Vibrant with colour and symbolic resonance, they outdid the exotic plants, the visual dramas of Monte Carlo and the filthy Med, with images more lively and lovely than anything else the conference had to offer.
Images of Joyce? Echoes, rather. A recital of Joyce songs and fine settings of chamber music by Geoffrey Molyneux, deserving of Joyce's own preference for them, was lovingly presented.
It stole into even the stoniest of academic hearts as though Bartell D'Arcy had shed his cold and sang for us the songs from The Dead – Joyce's masterpiece of a short story, made into a masterpiece of film by John Huston. One American who knew what he was doing.
There was also a virtuosic rendering of Finnegans Wake by two actors, a pianist and five geometric props from the Dublin Festival Company – at last the sound of Dublin and of Dublin's voices restoring to Joyce his native coherence.
I say 'restoring' because most of the papers given were desperately ambitious and hopelessly entangled in webs of too much meaning. Many were incoherent, not only in their content but in their presentation.
Some had not even been edited or timed to fit the slot available but were delivered in a relentless monotone from a heap of disordered papers for twice the allowed length.
These people were teachers of English literature. On the evidence of such performances, better if the subject were banned by law.
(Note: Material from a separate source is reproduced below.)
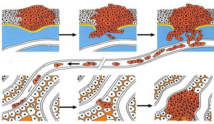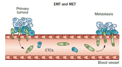 CTCs转移过程中必经阶段: CTCs通过从肿瘤组织中脱落游走至血管,穿过血管进入血循环,克服自身及血循环中各种因素的杀伤作用,到最后定植形成新的转移灶等多个生理步骤,使得CTCs可顺利侵袭转移从而促进相关疾病的进展。

The ghost of Joyce, I trust, remained indifferent, paring its fingernails if it had any left.
Jack loved the circus, but had there been a good old-fashioned ringmaster at the Monaco Symposium he would have had to crack his whip pretty frequently and there would have been threads of blood on more than one cheek.
Nonetheless, there were good things to remember: the two Irish professors David Norris and Gus Martin, entertaining as well as knowledgeable; and Claude Gaignebet from Nice, opening up a world of significance in the Joycean calendar in a few succinct French sentences.
As far as I could make out, only the French were at the French language session, it being delivered in the language of our hosts. Ah well.
Chiefly I remember Jack Yeats's painting Defiance. A man from the sea breasting the top of a cliff, confronted by a sunlit cormorant, bravely defending its own – yellow and blue struggling to a compromise in the midst of a wild canvas.
The battles over the territory of James Joyce had their dramas too, but poetic imagery such as that seemed largely to have gone out of them.
A condition of my visit was that I write up the event in a leading newspaper. The Glasgow Herald did me proud. I sent it off to the then director of the library, Georges Sandulescu (below).
He telephoned me from Monte Carlo to Skye. His voice was intimidating. 'I have just read your piece about the symposium.'
The tone of menace was unmistakable.
'I wrote what I thought.'
What I wrote is pretty much what you have just read. I was, I need hardly say, once more in a state of trepidation, having castigated most of the presentations.
'What do you suppose I made of it?'
'I have no idea.'
As it turned out, I didn't. 'It was wonderful! The best bit of writing to come out of the symposium! I have had six copies made for the palace.'
The bastard! He knew he had me and he played me like a fish.